(Source data)
◇ ◇ ◇ ◇ ◇ ◇ ◇
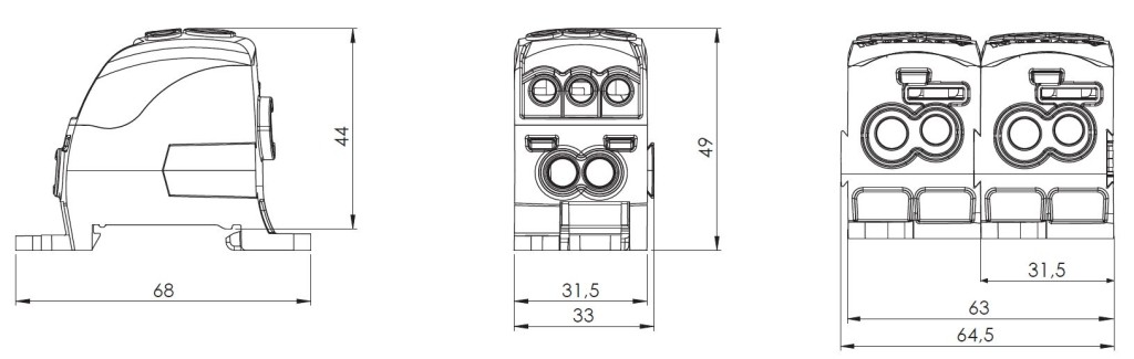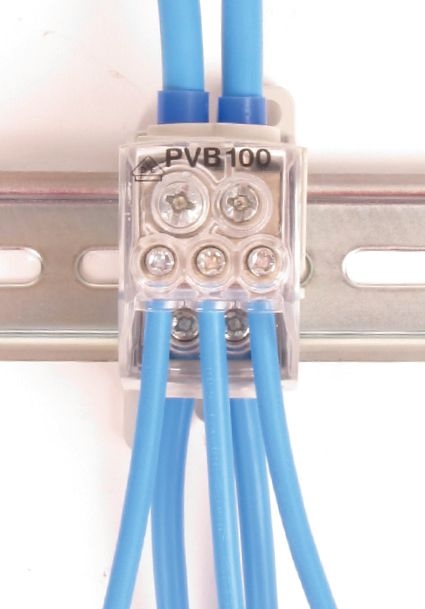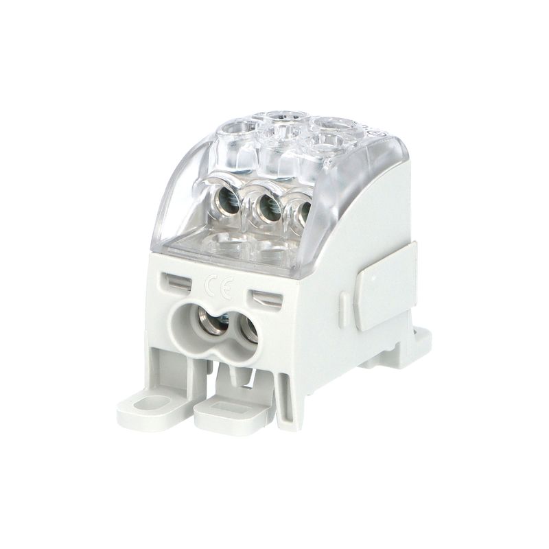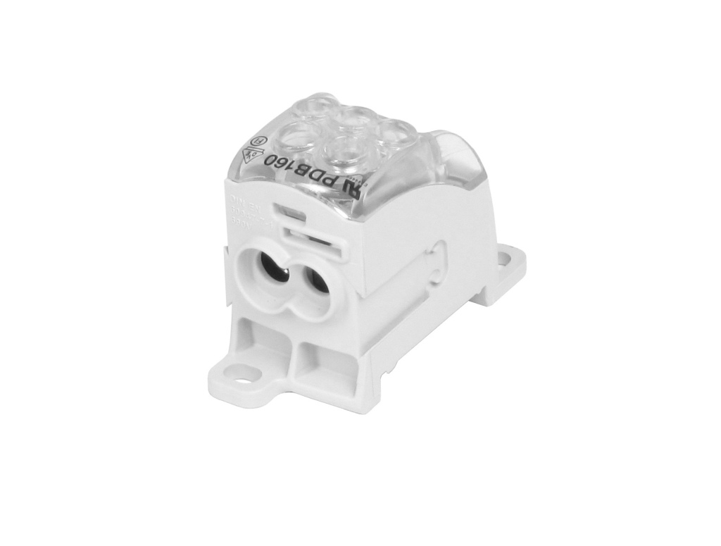 Blok pro rozdělení fází PDB 160 (dříve značeno PVB 100), 1pólový, pro CU vodiče, jmenovitý proud 160A, jmenovité napětí 690V, barva šedá / průhledné víko, montáž na DIN lištu / PANEL, krytí IP20, vstup 1x25mm2, výstup 3x16mm2, 3x10mm2.
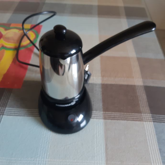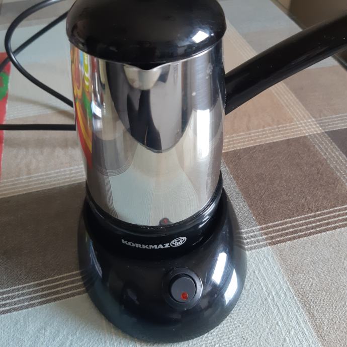 Električna džezva za kavu KORKMAZ A356, 400 W, za 4 šalice. Nehrđajući čelik 18/10, ergonomska ručka cool touch otporna na visoke temperature. Sigurnosni sustav koji sprječava rad bez vode. Korištena kratko i minimalno. U super stanju, kao nova.
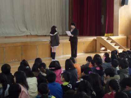 今日は最後の朝会です。校長先生から「立つ鳥跡を濁さず」という話がありました。
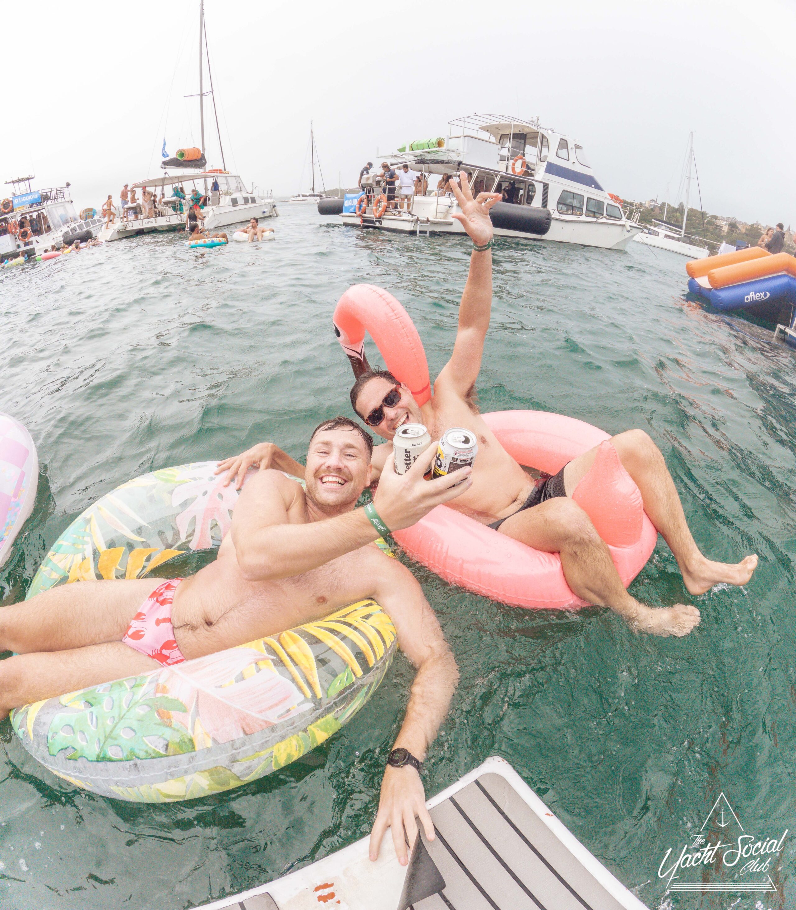 Two men in swimwear float on inflatable pool tubes in the water, smiling and raising beer cans. Boats and people are in the background, suggesting a lively party atmosphere on the water.
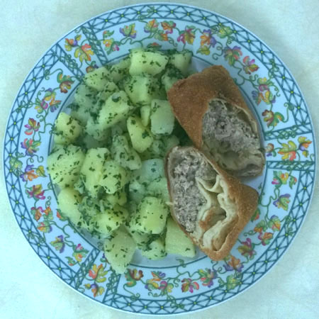 Velővel töltött palacsinta rántva, petrezselymes burgonyával
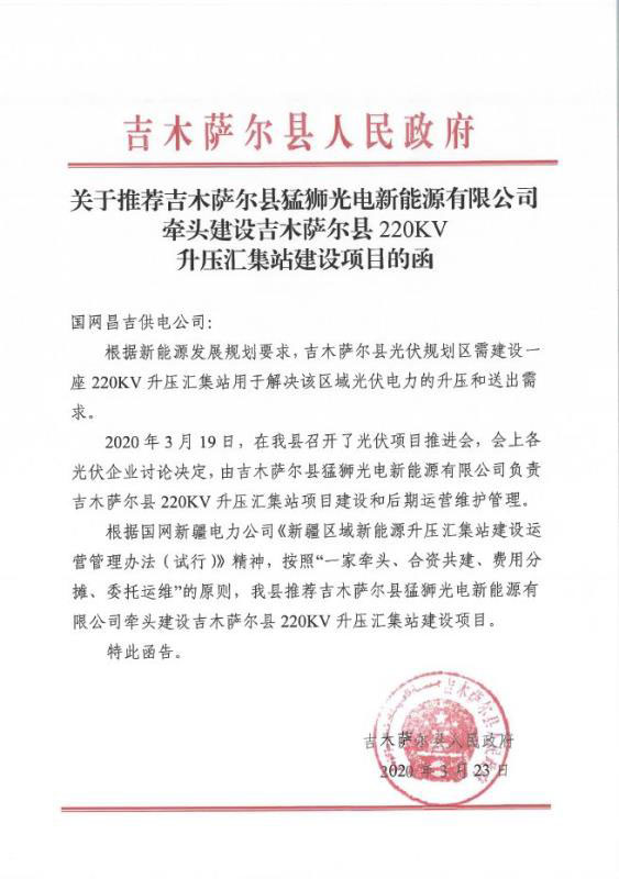 同日,吉木薩爾縣人民政府就該項目專門致函國網(wǎng)昌吉供電公司,明確推薦吉木薩爾縣猛獅光電公司牽頭建設(shè)該縣220KV升壓匯集站項目。
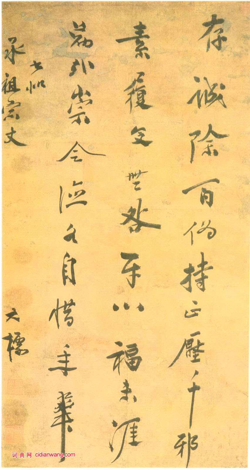 書法欣賞魏晉書法唐朝書法宋朝書法元朝書法明朝書法清朝書法近現代書法字典網>> 歷代書法>> 明朝>> 鄒元標·五言詩軸正文 鄒元標·五言詩軸作者:鄒元標 書體:行書 鄒元標《五言詩軸》,行書。相關文章:蘇軾行書《李太白仙詩卷》 (行書)蘇軾行書書法欣賞《李太白仙詩卷》,自署書於元祐8年(1093年)。紙本,李白詩二...歐楷《九成宮醴泉銘》集字聯句欣賞臨摹帖是初學書法者的必經之路,但臨摹不是目的。學像了碑帖還要能夠脫開碑帖寫好任意...北魏《司馬紹墓誌》 (楷書)《北魏司馬紹墓誌》全稱『魏故寧朔將軍固州鎮將鎮東將軍漁陽太守宣陽子司馬元興墓志銘...蘇軾《歸安丘園帖》 (行書)【釋文】軾啟。前日少致區區,重煩誨答,且審台侯康勝,感慰兼及。歸安丘園,早歲共有...朱彝尊《隸書露香風綻五言聯》 (隸書)朱彝尊《隸書露香風綻五言聯》紙本隸書 113.2×27.6cm×2 台北故宮...趙令畤《賜茶帖》 (行書)【釋文】令畤頓首: 辱惠翰,伏承久雨起居佳勝。蒙餉梨栗,愧荷。比拜上恩賜茶,分一...文徵明大字行書《游虎丘詩卷》 (行書)文徵明行書詩卷欣賞,丁巳春三月(1557年)文衡山88歲書,日本二玄社版。釋文:...錢灃楷書《臨東方朔畫贊軸》 (楷書)錢灃《臨東方朔畫贊軸》 紙本楷書 180×107cm 台北故宮博物院藏 ...董其昌行書《三思疏》 (行書)董其昌行書魏徵《諫太宗十思疏》。【原文】臣聞求木之長者,必固其根本;欲流之遠者,...啟功大字行書《多福》 (行書)啟功大字行書:多福,祝大家雞年多福多壽。
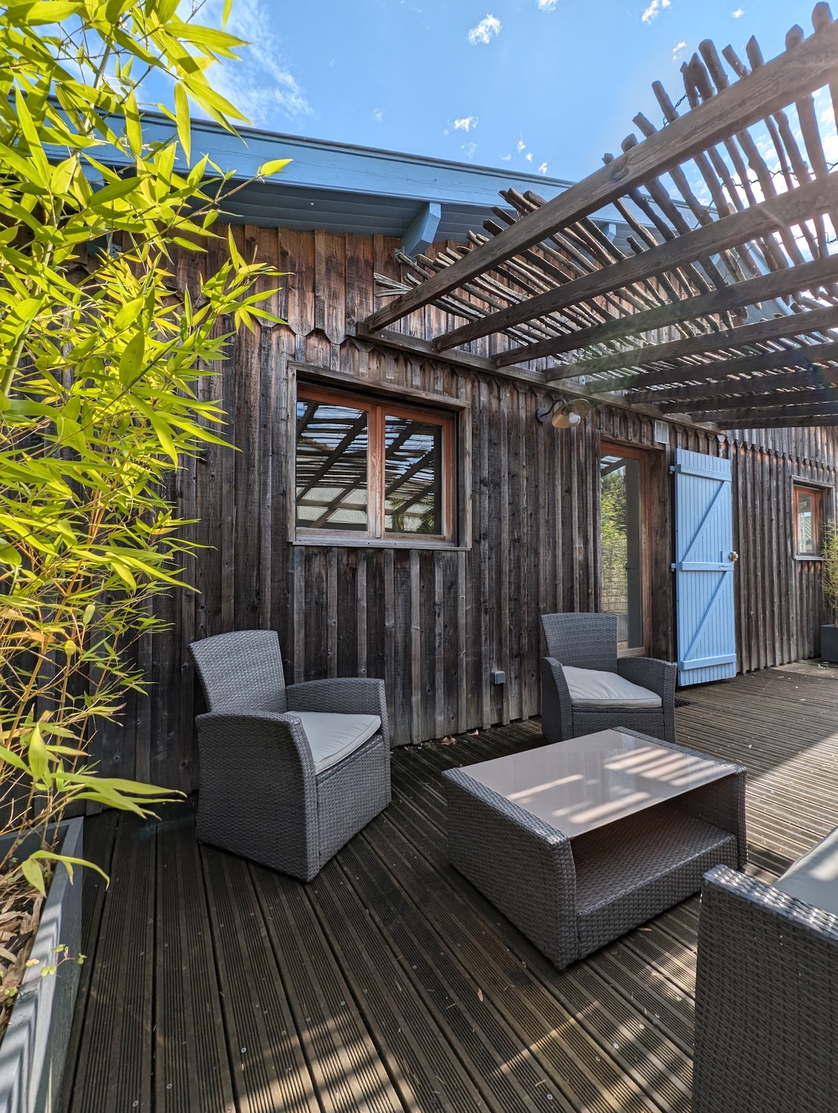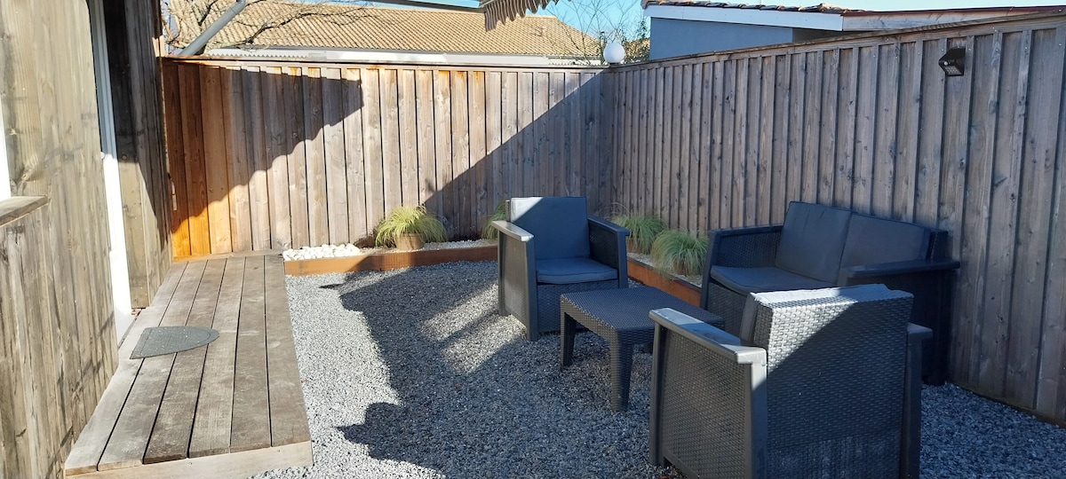 Slakaðu á í þessu einstaka og friðsæla rými. Staðsett ekki langt frá Teich Ornithological Reserve, komdu og slakaðu á eða njóttu Arcachon Basin í nokkra daga eða lengur ... Þú munt hafa allan nauðsynlegan búnað. Einkagarður og skógur ásamt útiverönd til að njóta veðurblíðunnar. Að auki getur þú notið nudds á lægra verði! Sjáumst fljótlega Nadège
◇ ◇ ◇ ◇ ◇ ◇ ◇
Aim of the exercise
Your answer must be the exact lines from the start of the data through the line with "同日,吉木薩爾縣人民政府就該", inclusive, and nothing else; pictures do not belong in it.

Reply to the task
 Blok pro rozdělení fází PDB 160 (dříve značeno PVB 100), 1pólový, pro CU vodiče, jmenovitý proud 160A, jmenovité napětí 690V, barva šedá / průhledné víko, montáž na DIN lištu / PANEL, krytí IP20, vstup 1x25mm2, výstup 3x16mm2, 3x10mm2.
 Električna džezva za kavu KORKMAZ A356, 400 W, za 4 šalice. Nehrđajući čelik 18/10, ergonomska ručka cool touch otporna na visoke temperature. Sigurnosni sustav koji sprječava rad bez vode. Korištena kratko i minimalno. U super stanju, kao nova.
 今日は最後の朝会です。校長先生から「立つ鳥跡を濁さず」という話がありました。
 Two men in swimwear float on inflatable pool tubes in the water, smiling and raising beer cans. Boats and people are in the background, suggesting a lively party atmosphere on the water.
 Velővel töltött palacsinta rántva, petrezselymes burgonyával
 同日,吉木薩爾縣人民政府就該項目專門致函國網(wǎng)昌吉供電公司,明確推薦吉木薩爾縣猛獅光電公司牽頭建設(shè)該縣220KV升壓匯集站項目。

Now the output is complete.